(What to produce): Reproduce the section of the listing that begins at the line containing "海南華橡實業(yè)集團清算公示,巨額拖欠工資補償金待解" and finishes at the line containing "Bank of Baroda". Include both end lines and nothing beyond them.

___ Material for this task

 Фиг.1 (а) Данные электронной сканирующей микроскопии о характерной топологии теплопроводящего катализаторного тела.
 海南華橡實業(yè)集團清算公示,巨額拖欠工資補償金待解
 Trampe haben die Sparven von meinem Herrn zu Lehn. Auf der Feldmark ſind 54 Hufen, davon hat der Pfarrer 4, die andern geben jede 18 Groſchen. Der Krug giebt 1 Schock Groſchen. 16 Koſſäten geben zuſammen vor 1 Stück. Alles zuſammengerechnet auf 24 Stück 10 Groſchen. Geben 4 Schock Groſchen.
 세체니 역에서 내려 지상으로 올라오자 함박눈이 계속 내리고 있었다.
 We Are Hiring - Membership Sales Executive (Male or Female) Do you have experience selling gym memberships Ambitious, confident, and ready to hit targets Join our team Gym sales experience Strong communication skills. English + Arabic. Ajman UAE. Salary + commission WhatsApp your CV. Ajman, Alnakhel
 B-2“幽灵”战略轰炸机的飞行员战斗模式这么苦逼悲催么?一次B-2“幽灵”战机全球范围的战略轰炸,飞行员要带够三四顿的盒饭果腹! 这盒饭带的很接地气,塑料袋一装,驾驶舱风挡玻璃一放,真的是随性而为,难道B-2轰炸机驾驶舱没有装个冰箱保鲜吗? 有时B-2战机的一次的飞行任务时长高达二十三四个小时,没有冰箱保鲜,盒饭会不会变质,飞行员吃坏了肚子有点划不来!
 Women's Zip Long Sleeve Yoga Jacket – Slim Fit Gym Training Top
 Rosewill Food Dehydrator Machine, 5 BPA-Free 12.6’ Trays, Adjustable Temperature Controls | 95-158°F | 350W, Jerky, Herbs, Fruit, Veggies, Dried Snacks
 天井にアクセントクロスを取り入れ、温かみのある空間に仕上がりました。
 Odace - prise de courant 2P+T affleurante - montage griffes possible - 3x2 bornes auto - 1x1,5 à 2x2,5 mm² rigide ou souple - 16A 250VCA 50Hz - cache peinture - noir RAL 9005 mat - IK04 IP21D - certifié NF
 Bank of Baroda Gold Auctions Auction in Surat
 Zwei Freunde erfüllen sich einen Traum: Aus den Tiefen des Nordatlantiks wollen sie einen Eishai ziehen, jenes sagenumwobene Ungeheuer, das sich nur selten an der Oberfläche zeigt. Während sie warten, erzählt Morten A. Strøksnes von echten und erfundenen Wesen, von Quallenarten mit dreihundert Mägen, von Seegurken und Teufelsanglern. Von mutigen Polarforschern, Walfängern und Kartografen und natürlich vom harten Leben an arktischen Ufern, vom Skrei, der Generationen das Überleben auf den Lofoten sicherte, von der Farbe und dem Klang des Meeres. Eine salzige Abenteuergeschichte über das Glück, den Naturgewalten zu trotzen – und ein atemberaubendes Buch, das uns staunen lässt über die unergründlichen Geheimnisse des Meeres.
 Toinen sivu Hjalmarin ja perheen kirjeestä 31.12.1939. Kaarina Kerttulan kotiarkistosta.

______

(Your solution):
 海南華橡實業(yè)集團清算公示,巨額拖欠工資補償金待解
 Trampe haben die Sparven von meinem Herrn zu Lehn. Auf der Feldmark ſind 54 Hufen, davon hat der Pfarrer 4, die andern geben jede 18 Groſchen. Der Krug giebt 1 Schock Groſchen. 16 Koſſäten geben zuſammen vor 1 Stück. Alles zuſammengerechnet auf 24 Stück 10 Groſchen. Geben 4 Schock Groſchen.
 세체니 역에서 내려 지상으로 올라오자 함박눈이 계속 내리고 있었다.
 We Are Hiring - Membership Sales Executive (Male or Female) Do you have experience selling gym memberships Ambitious, confident, and ready to hit targets Join our team Gym sales experience Strong communication skills. English + Arabic. Ajman UAE. Salary + commission WhatsApp your CV. Ajman, Alnakhel
 B-2“幽灵”战略轰炸机的飞行员战斗模式这么苦逼悲催么?一次B-2“幽灵”战机全球范围的战略轰炸,飞行员要带够三四顿的盒饭果腹! 这盒饭带的很接地气,塑料袋一装,驾驶舱风挡玻璃一放,真的是随性而为,难道B-2轰炸机驾驶舱没有装个冰箱保鲜吗? 有时B-2战机的一次的飞行任务时长高达二十三四个小时,没有冰箱保鲜,盒饭会不会变质,飞行员吃坏了肚子有点划不来!
 Women's Zip Long Sleeve Yoga Jacket – Slim Fit Gym Training Top
 Rosewill Food Dehydrator Machine, 5 BPA-Free 12.6’ Trays, Adjustable Temperature Controls | 95-158°F | 350W, Jerky, Herbs, Fruit, Veggies, Dried Snacks
 天井にアクセントクロスを取り入れ、温かみのある空間に仕上がりました。
 Odace - prise de courant 2P+T affleurante - montage griffes possible - 3x2 bornes auto - 1x1,5 à 2x2,5 mm² rigide ou souple - 16A 250VCA 50Hz - cache peinture - noir RAL 9005 mat - IK04 IP21D - certifié NF
 Bank of Baroda Gold Auctions Auction in Surat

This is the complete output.